The Rockport Miracles Part 2 Episode 5 Fiction by Scott MacGregor

Rockport Miracles

Part 2: Episode 5  “Family Matters” 

A 1969 map of Rockport revealed a city shaped like a shaggy rectangle. Only two miles deep and five miles wide, its dimensions made it an ideal sized town to maintain, serve and protect. 

In 1970, the map was revised to show a big gash up its midsection after Rockport’s annual Christmas tree bonfire festival devolved into disaster when a freak windstorm out of the north scattered flaming trees into the guts of the town and set hundreds of houses and buildings ablaze. Many died or were injured in the storm. Then, as if by design, the windstorm was immediately followed by a wave of heavy wet snowfall that subsequently extinguished all of the ravaging fires. Some called that a Rockport miracle. 

Wren Mathews and I had escaped the chaos at Lakefront Park and ran eight blocks to her parents’ house. We were relieved to find her home literally untouched by the storm, another miracle when you consider that all the other houses on her street were damaged or destroyed. Relief immediately turned to shock (at least for me) when we entered her house and found Wren’s mother unconscious on the living room floor. I feared that she was dead until we discovered a half finished bottle of vodka next to her. 

“She’ll be OK,” said Wren sadly, “this isn’t unusual.” She said that her mother tended to “freak out” during storms. I looked around the house and asked, “Where’s your Dad?” Wren wouldn’t answer at first. Instead she said, “Help me get Mom off the floor.” Her mother was a slight woman and easy to pick up. We gently laid her on the sofa after which Wren decided to answer my question. “We don’t know where Dad is,” she said, “pesky family matters aren’t his concern anymore since Sparrow left us.” 

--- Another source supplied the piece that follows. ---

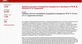На сайте "" начался сбор подписей под петицией «Требуем участия в теледебатах кандидатов в президенты В.В.Путина и П.Н.Грудинина». Ниже публикуем обращение авторов петиции.

A Polaroid camera laying on a table by the front bay window kindled my curiosity. It was the old-style instant camera where a developed snapshot is peeled away from its paper negative. “It looks like she took a picture,” I observed. “The white pull-tab is on the floor but she didn’t pull out the exposed shot.” I gave the picture tab a yank and out came the undeveloped picture. We counted down 60 seconds and then peeled apart the result. It was a picture taken through the window looking out on the street. A large section of the foreground was overexposed and completely white. “It doesn’t look like it developed correctly," I said. I inspected the negative and could see more latent detail in the blotched area of the picture. It was a shape of some sort but I couldn’t determine what it was. I was quite the shutterbug in those years and asked if I could take the negative for a better look. Wren was too busy with her mom to hear me, so I decided to just take it and give it back to her the next day. 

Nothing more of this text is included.